Required action = Return the data below unchanged. Drop any pictures.

Records shown =
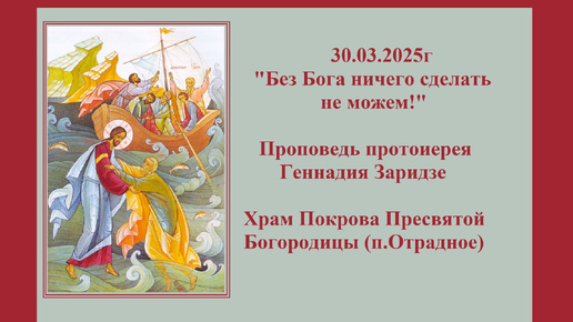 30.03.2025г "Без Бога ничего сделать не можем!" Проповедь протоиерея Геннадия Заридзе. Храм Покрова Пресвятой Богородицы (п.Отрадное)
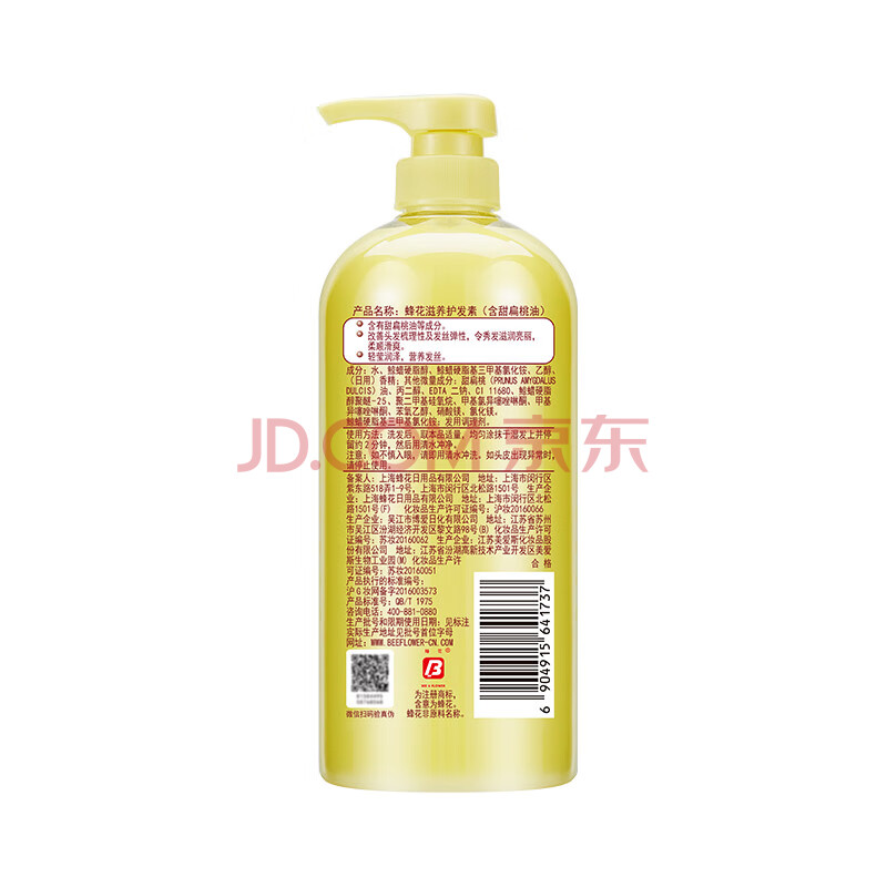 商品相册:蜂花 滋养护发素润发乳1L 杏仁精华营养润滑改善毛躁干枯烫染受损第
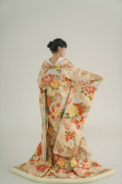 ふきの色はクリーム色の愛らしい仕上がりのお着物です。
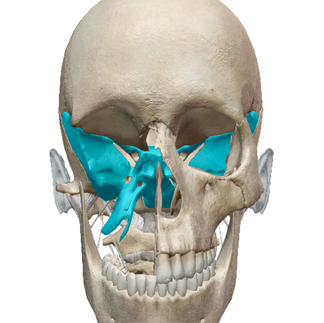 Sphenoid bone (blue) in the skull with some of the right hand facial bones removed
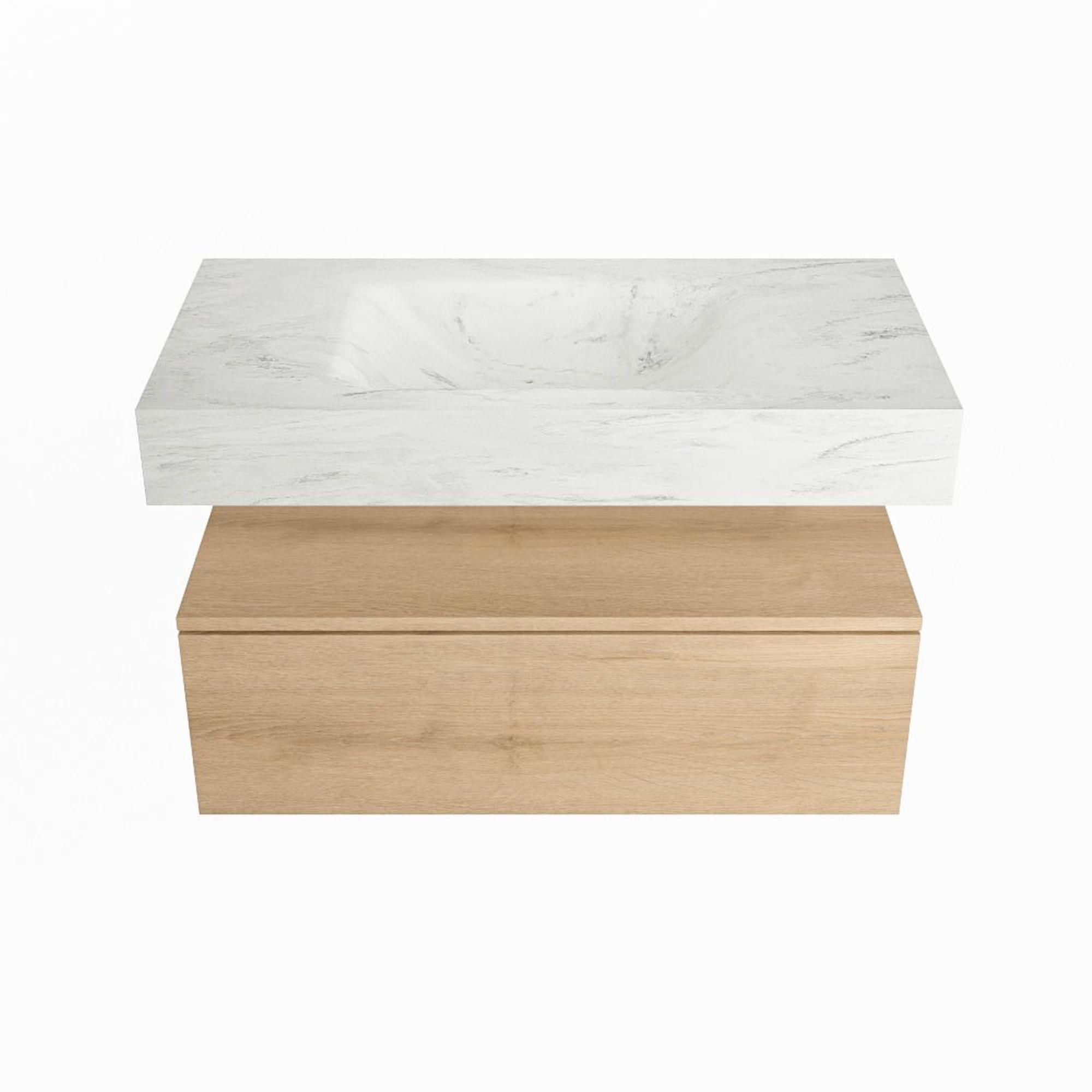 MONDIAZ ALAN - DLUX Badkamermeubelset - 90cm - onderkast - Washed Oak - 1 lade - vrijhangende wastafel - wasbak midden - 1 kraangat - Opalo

Answer below =
 30.03.2025г "Без Бога ничего сделать не можем!" Проповедь протоиерея Геннадия Заридзе. Храм Покрова Пресвятой Богородицы (п.Отрадное)
 商品相册:蜂花 滋养护发素润发乳1L 杏仁精华营养润滑改善毛躁干枯烫染受损第
 ふきの色はクリーム色の愛らしい仕上がりのお着物です。
 Sphenoid bone (blue) in the skull with some of the right hand facial bones removed
 MONDIAZ ALAN - DLUX Badkamermeubelset - 90cm - onderkast - Washed Oak - 1 lade - vrijhangende wastafel - wasbak midden - 1 kraangat - Opalo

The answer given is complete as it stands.